The full code for this example is available as a gist, but this is the main part:

def lagrange(x):
  # Returns the system of equations we got by differentiating the
  # Lagranian and setting all the partial derivatives to zero
  # This uses 'lagrange mulipliers' to enforce the mass balance
  # constraints, but not to enforce the ni > 0 constraint, we could
  # use homotopy for that (maybe another post or continuation)
  #
  n = np.sum(x[:4]) # total moles
  # these are the partial derivatives of (nG/RT) wrt each species
  g = gf + np.log(x[:4]/n) + np.log(p) + np.matmul(x[4:], aij)
  # these are the constraints from element balance (the partial
  # derivatives wrt to the lagrange multipiers end up just
  # being the constaints)
  constraints = np.matmul(aij, x[:4]) - n_element_tot
  return np.concatenate((g, constraints))

def jac(x):
  # for scipy minimize if we want
  n = np.sum(x[:4])
  return gf + np.log(x[:4]/n) + np.log(p)
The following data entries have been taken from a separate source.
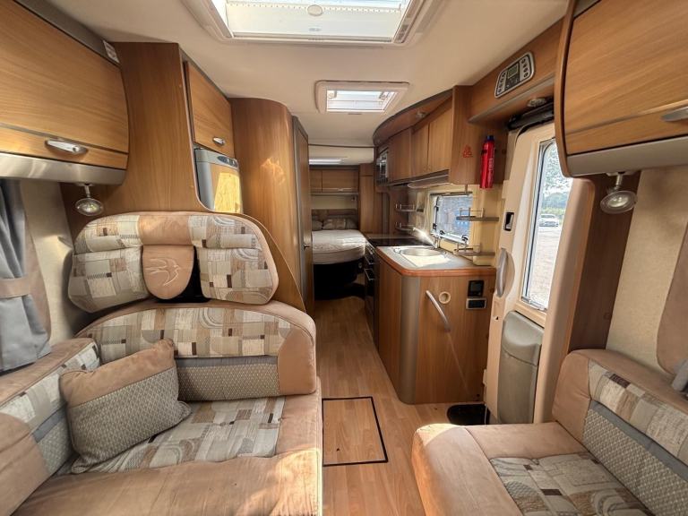 For sale is a 2007 Swift Kon-Tiki 669 motorhome with 60000 miles. This diesel vehicle, powered by a Fiat Ducato 160 MULTIJET engine, is perfect for family getaways with its spacious 6 berth capacity and comfortable interior. With a gross weight of 3850kg, it provides a smooth and stable driving experience. The vehicle has been well-maintained and is in excellent condition, with plenty of storage, modern amenities, and a fully-equipped kitchen. The Swift Kon-Tiki 669 offers a perfect combination of practicality and comfort for those seeking adventure on the open road.
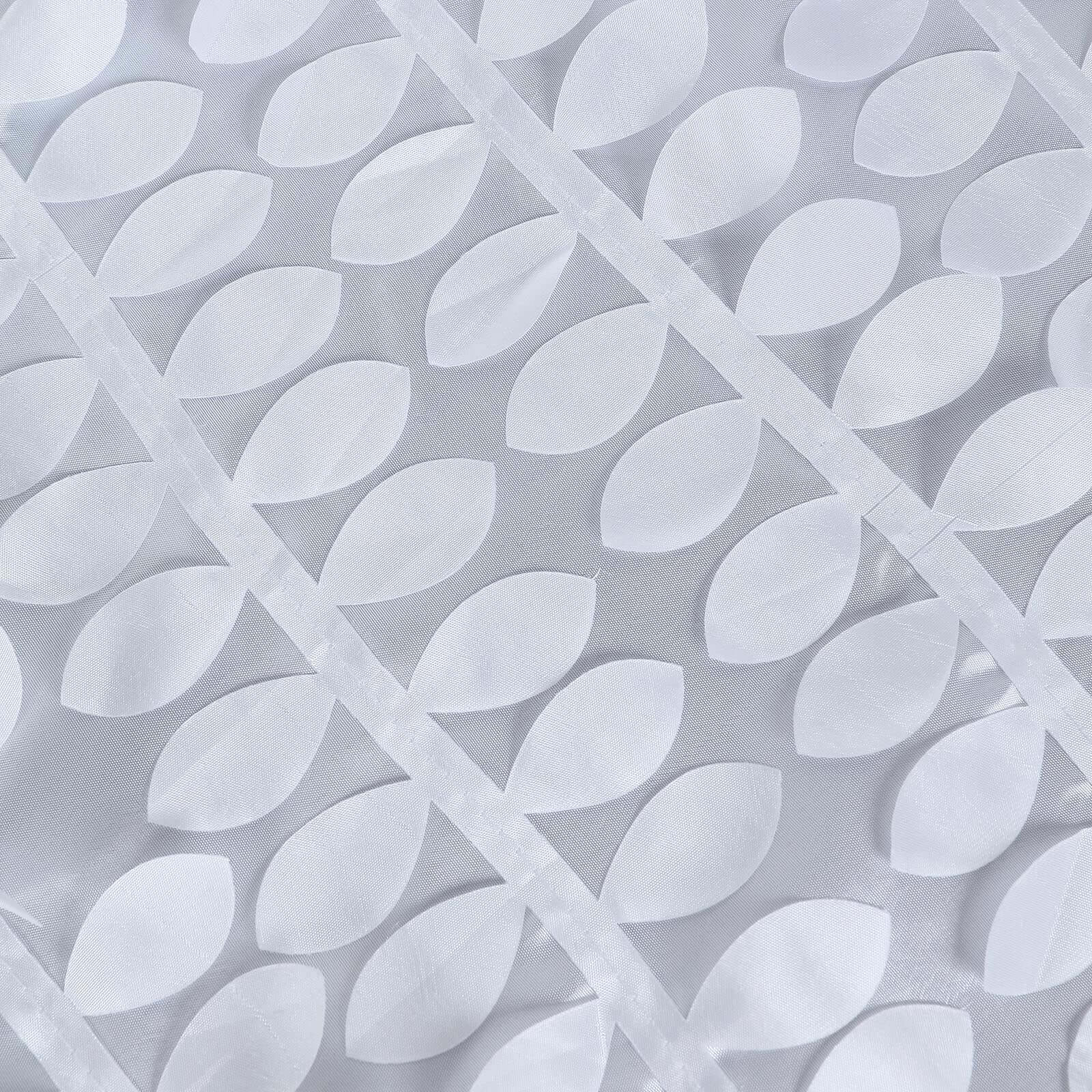 Taffeta 90"x132" Rectangle Tablecloth White | 3D Leaf Petal Design Seamless Table Cover for Stylish Wedding & Event Decor
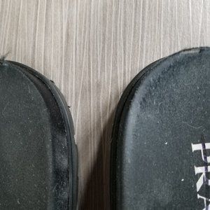 These boots are returns from Nordstrom. They are in excellent conditon. There is slight wear on the footbed near the heel area. The P is missing on the right slide.
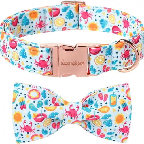 Unique style paws Cartoon Dog Collar with Bow Spring Summer Collar with Flower Lemon Crab for Small Medium Large Boys Girls Dogs
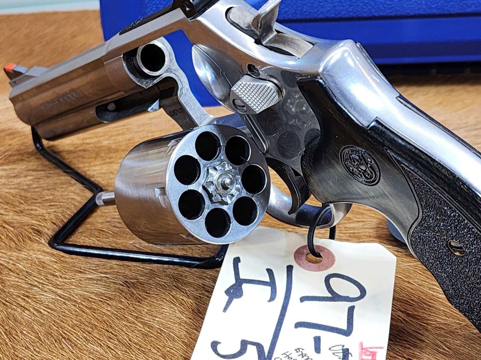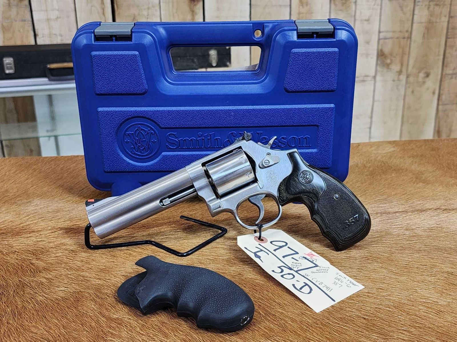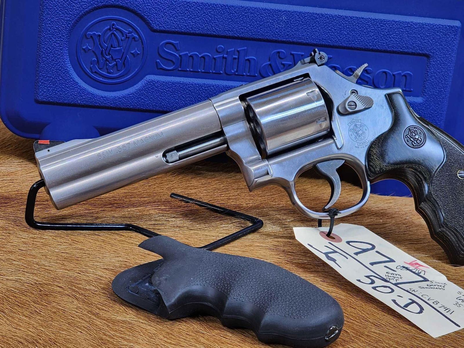 97.7 Nice gun Deluxe model with non fluted 7 shot cylinder 5" barrel Shiny bore good rifling with extra Hogue grips hard case SN CVB7411
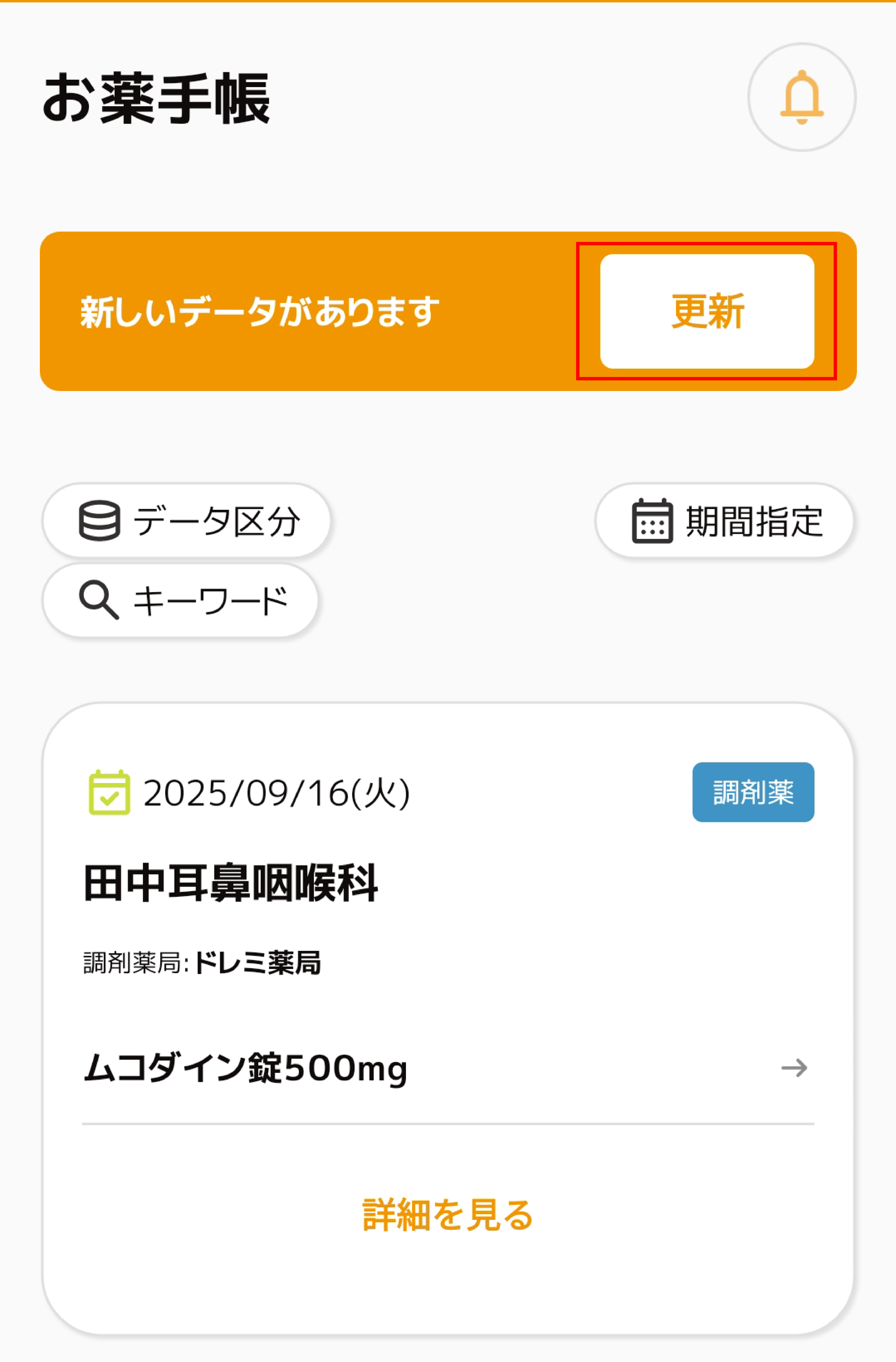 お薬手帳上に更新ボタンが表示され、更新ボタンをタップすると手帳内データが更新されます。

# this is a guess of the solution
# n is [nco, nco2, nh2o, nh2, lc, lh, lo]
n0 = np.array([1.0, 1.0, 1.0, 1.0, 1.0, 1.0, 1.0])

# Solve the lagrange problem lagrange((n, l)) = 0
#   this will tell us if we formulated correctly:
res = scipy.optimize.fsolve(lagrange, n0)
print("LM scipy fsolve: ", res[:4]/sum(res[:4]))
print("  ni:", res[:4])
print("  lambda:", res[4:])

# Turns out, we don't actually need to build the constraints into
# the function we pass to scipy.optimize, we can just pass them in
# as constraints and scipy will handle it for us. We can also pass
# in the jacobian if we want, if we don't, it will use numerical
# derivatives.
# Using built in minimization with constraints
cons = ({
  'type': 'eq',
  'fun': lambda x: np.matmul(aij, x) - n_element_tot
  },
)
res = scipy.optimize.minimize(
  gibbs, n0[:4], constraints=cons, jac=jac)
print(
  "\nMinimize (constained) our derivatives:",
  res.x/np.sum(res.x))
print(res)

res = scipy.optimize.minimize(
  gibbs, n0[:4], constraints=cons)
print(
  "\nMinimize (constained) numerical derivates:",
  res.x/np.sum(res.x))
print(res)

This is way overkill for this problem, we can also solve it analytically using the ‘reaction extent’ method, and we get the same answer. In general minimizing the Gibbs Free Energy is more flexible, and can be used to solve much more complex problems.

So that’s a quick overview of some common numerical methods that can be used for optimization problems involving functions of more than one variable, or for solving systems of nonlinear equations.